While it is not possible to confirm these disclosures from open sources, they point to an alarming possibility: China has crossed the multiple-warhead Rubicon and, with the possibility that it can build one brigade of DF-31A and DF-XX ICBMs a year, could be capable of annual double- or triple-digit increases in its deployed nuclear warheads. Chinese sources also suggest interest in developing longer-range versions of the JL-2, which could also be MIRV-capable. While a worst-case estimate, there is good reason to consider that China’s warhead numbers could exceed 500 by 2020.

In addition, China may also be on its way to fielding a national missile-defense system by the 2020s. Its recent, successful Jan. 11 missile warhead interception test marks the culmination of China’s second anti-ballistic missile (ABM) program; the first was ordered started by Mao Zedong in 1963 and was pursued until 1980. This stands in contrast with years of howling complaints by Chinese diplomats against American missile-defense programs and their fervent campaigning to ban outer-space weapons. Was this merely deception designed to limit American defensive programs while China gathered the capacity to pursue its own ABM and space-warfare programs?

These potential trends would logically cause one to ask: Why not talk to the Chinese about their nuclear strategic plans? Indeed, the administration’s April Nuclear Posture Review calls for “strategic assurance dialogues” with China. However, not only has China traditionally rejected any “negotiations” regarding its nuclear forces, it won’t even send its main nuclear missile forces commander on a courtesy visit to the United States. Normal military-to-military dialogue is regularly held hostage to Washington ending arms sales to democratic Taiwan.

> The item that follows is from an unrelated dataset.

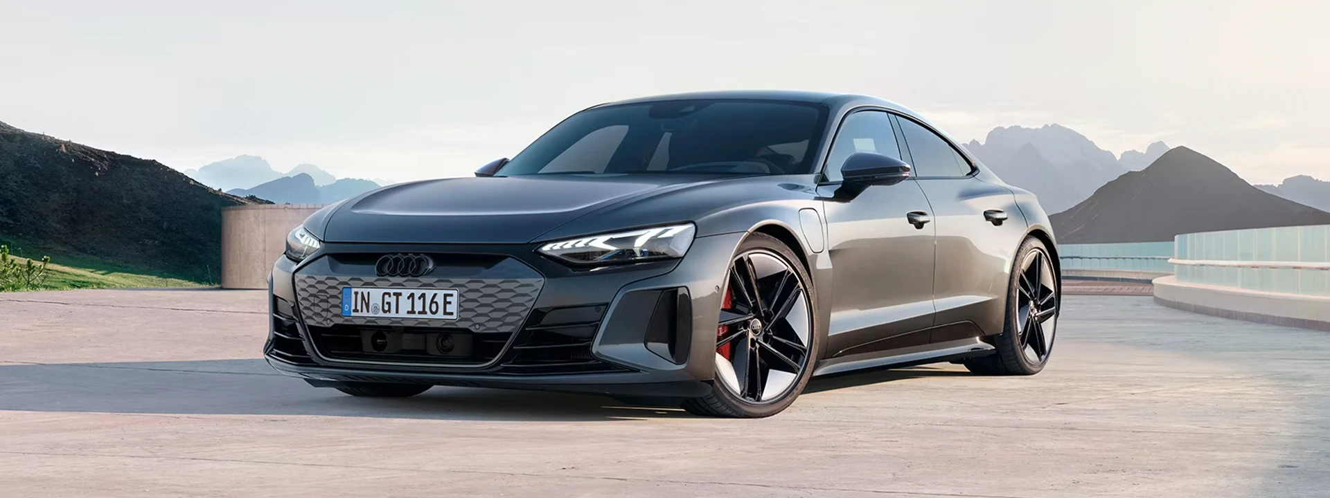 A linha de ombro ousada pronunciada, assim como o difusor traseiro diferenciado, dá ao Audi RS e-tron GT uma aparência impactante de força. Por sua vez, a linha de teto levemente inclinada, que se alonga até a traseira do veículo, expressa o quanto almeja por velocidade, mesmo quando ele está estacionado.
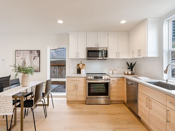 Discover this contemporary home tucked into the vibrant Maple Leaf community. The main level offers an inviting open layout with clean lines and a bright, modern feel. Tall ceilings and expansive windows fill the interior with natural light, creating a warm and spacious atmosphere. The kitchen is outfitted with custom-built cabinetry, stainless appliances, and thoughtfully selected lighting. Each bedroom provides generous space, built-in storage, and private bathrooms featuring upscale finishes and rainfall-style showers. Efficient heating and cooling are provided by individual mini-split units on each floor, along with the convenience of laundry on the upper level. A private garage accessible from the alley adds ease to everyday living. Located just minutes from neighborhood cafes, parks, and essential services, this home offers a polished, move-in-ready living experience in one of Seattle's most desirable areas.

But there is a deeper basic conflict: China wants to displace U.S. strategic leadership in Asia and is building military forces capable of defending its global interests, even if that means challenging the United States well beyond Asia. So until China achieves its desired level of global power, which may not include concepts of “parity,” China may have no interest in “negotiations” that limit or even inform others about its nuclear weapons plans.

But even if the United States and China could agree on nuclear parity, that may come at the cost of America’s Asian alliances. A larger and defended Chinese nuclear arsenal could greatly undermine the U.S. ability to extend its nuclear deterrent, accelerating the process of decoupling the United States from key allies like Japan, South Korea and Australia. America’s ability to deter China will decline further when the administration implements its Nuclear Posture Review decision to retire U.S. nuclear-armed TLAM-N cruise missiles carried by secure U.S. submarines, replacing them with tactical nuclear bombs carried by more vulnerable U.S. jet fighters. And then one must consider Russia and its increasing political-military cooperation with China. Might Russia someday “tilt” its nuclear forces with China’s to dissuade the United States from defending a future vital interest?

Countries like Taiwan, South Korea, Japan and India are today facing increased Chinese military pressures. They and the United States are also increasingly pressed to fund conventional military forces needed to deter China. It is indeed legitimate to ask if the current START Treaty gives the United States the ability to deter both Russia and a China just starting its strategic nuclear buildup. Furthermore, might START and intended follow-on agreements bring Asia closer to an era of nuclear proliferation and unforeseen instability?

Richard D. Fisher Jr. is a senior fellow with the International Assessment and Strategy Center and author of “China’s Military Modernization, Building for Regional and Global Reach” (Praeger, 2008).